▶ [WHAT IS EXPECTED]
Please make an exact copy of the lines from the one holding "Etat existant de" through the end of the data, both ends included, with no pictures.

*** RECORDS PROVIDED Section Begins ***

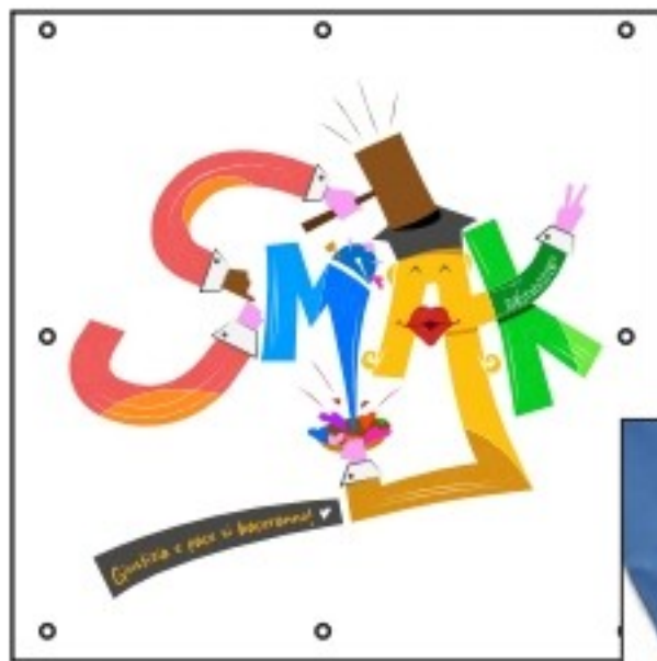
€ 30.00 al mq. Banner occhiellato st. colore
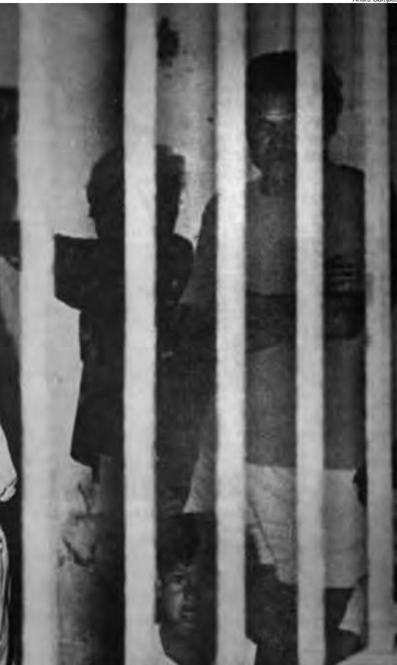
Espancamento e confinamento compunham o cotidiano da colônia penal, que foi denunciada pelo jornal Porantim , na época, como um “Campo de Concentração Indígena”

e humanista, no geral”, e avaliaram que a fazenda não era adequada para uma área indígena. Consta nesse relatório que eles identificaram 49 Krenak, 35 Pataxó, três Guarani, além de indígenas de outras etnias, como Xerente e Pankararu. Parte do grupo Guarani já havia retornado ao Espírito Santo.
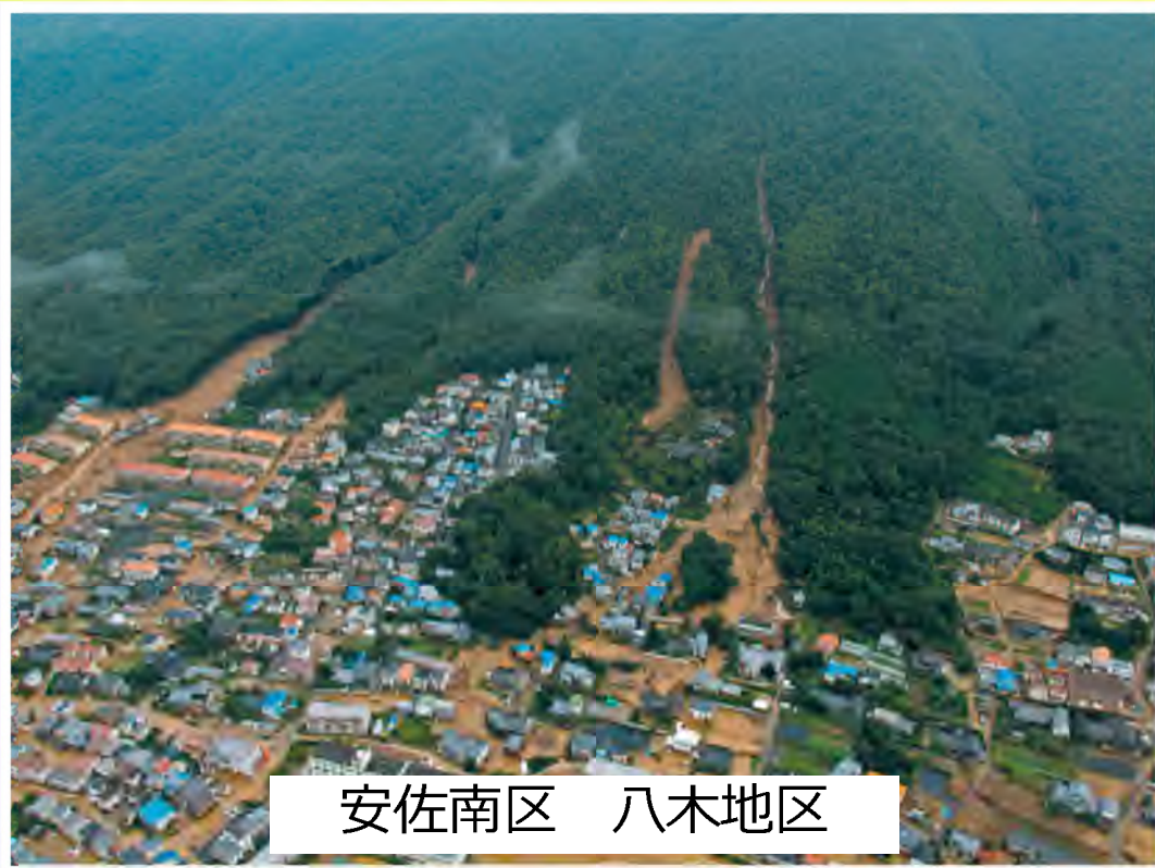
安佐南区 八木地区
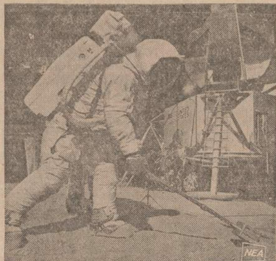
Specialius šaukštas bus naudojamas surinkti mėnulių paviršiuje esančių medžiagų pavyzdžius, kurie bus vėliau atgabenti žemėn.
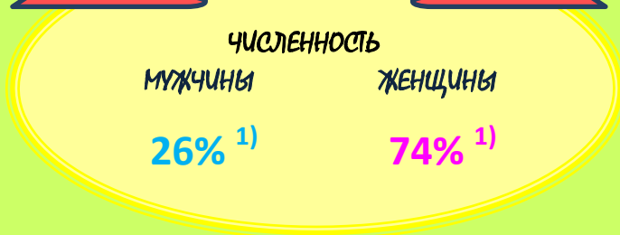
РАСПРЕДЕЛЕНИЕ ЧИСЛЕННОСТИ РАБОТНИКОВ В ЗАВИСИМОСТИ ОТ УСЛОВИЙ РАБОТЫ 1)
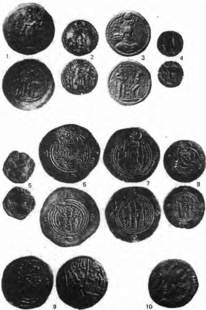
نمونه ی (٥)
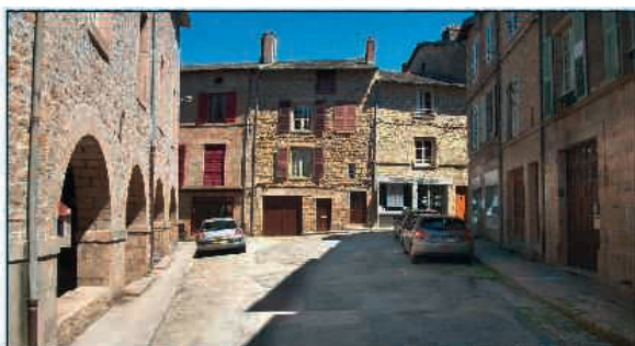
Etat existant de la place de l'ancienne Mairie

Ce chantier portera à la fois sur la réfection des trottoirs et de la voirie. Il permettra de redonner à cette place son caractère et ses usages et de valoriser les bâtiments alentours. Cette opération bénéficie de subventions du Conseil général, de l'Etat et du Conseil régional.
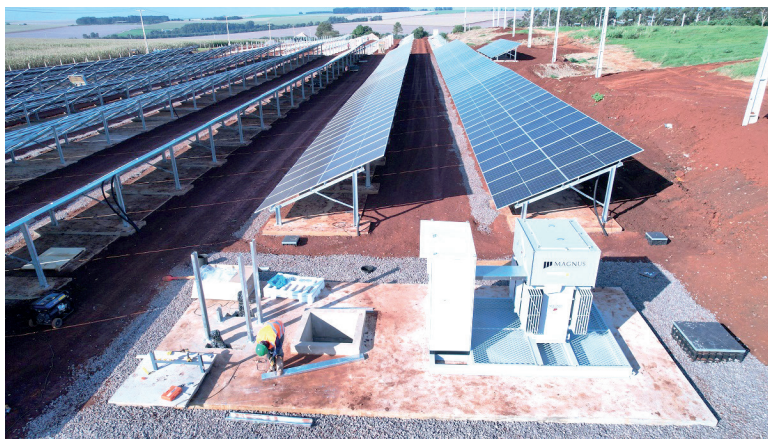
A construção da usina fotovoltaica está 78,37% concluída e deveria ser entregue em maio de 2024

Entre as obras também estão investimento em sustentabilidade, com a construção
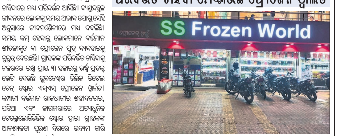
ପରିବର୍ତ୍ତନ ଚାହିଦା ମେଣ୍ଟାଇଛି ପ୍ରୋଜେକ୍ଟ ପୁଞ୍ଜ

ଭୁବନେଶ୍ୱର,୫୪ ବର୍ତ୍ତମାନ ସମୟରେ ପରିବର୍ତ୍ତନ ସହ ଗ୍ରାହକଙ୍କ ଚାହିଦାରେ ମଧ୍ୟ ପରିବର୍ତ୍ତନ ଆସିଛି। ବ୍ୟସ୍ତବହୁଳ ଜୀବନରେ ଲୋକଙ୍କୁ ସମୟ ଅଭାବ ଯୋଗୁଁ ସେହି ଅନୁସାରେ ଜୀବନଶୈଳୀରେ ମଧ୍ୟ ବଦଳିଛି।
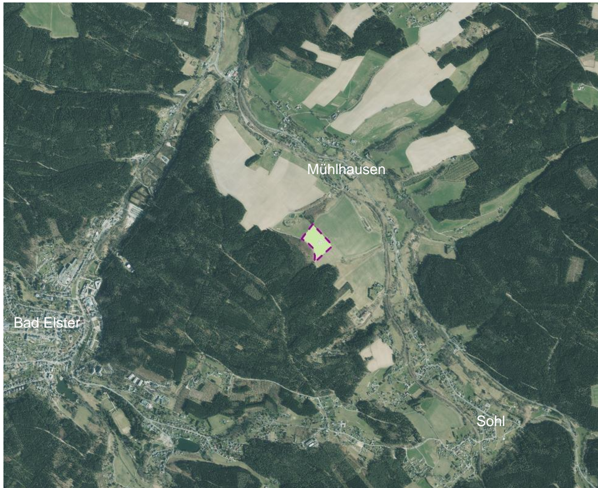
Lage der Maßnahmenfläche

*** RECORDS PROVIDED Section Ends ***

▶ [ANSWER SPACE]
Etat existant de la place de l'ancienne Mairie

Ce chantier portera à la fois sur la réfection des trottoirs et de la voirie. Il permettra de redonner à cette place son caractère et ses usages et de valoriser les bâtiments alentours. Cette opération bénéficie de subventions du Conseil général, de l'Etat et du Conseil régional.
A construção da usina fotovoltaica está 78,37% concluída e deveria ser entregue em maio de 2024

Entre as obras também estão investimento em sustentabilidade, com a construção
ପରିବର୍ତ୍ତନ ଚାହିଦା ମେଣ୍ଟାଇଛି ପ୍ରୋଜେକ୍ଟ ପୁଞ୍ଜ

ଭୁବନେଶ୍ୱର,୫୪ ବର୍ତ୍ତମାନ ସମୟରେ ପରିବର୍ତ୍ତନ ସହ ଗ୍ରାହକଙ୍କ ଚାହିଦାରେ ମଧ୍ୟ ପରିବର୍ତ୍ତନ ଆସିଛି। ବ୍ୟସ୍ତବହୁଳ ଜୀବନରେ ଲୋକଙ୍କୁ ସମୟ ଅଭାବ ଯୋଗୁଁ ସେହି ଅନୁସାରେ ଜୀବନଶୈଳୀରେ ମଧ୍ୟ ବଦଳିଛି।
Lage der Maßnahmenfläche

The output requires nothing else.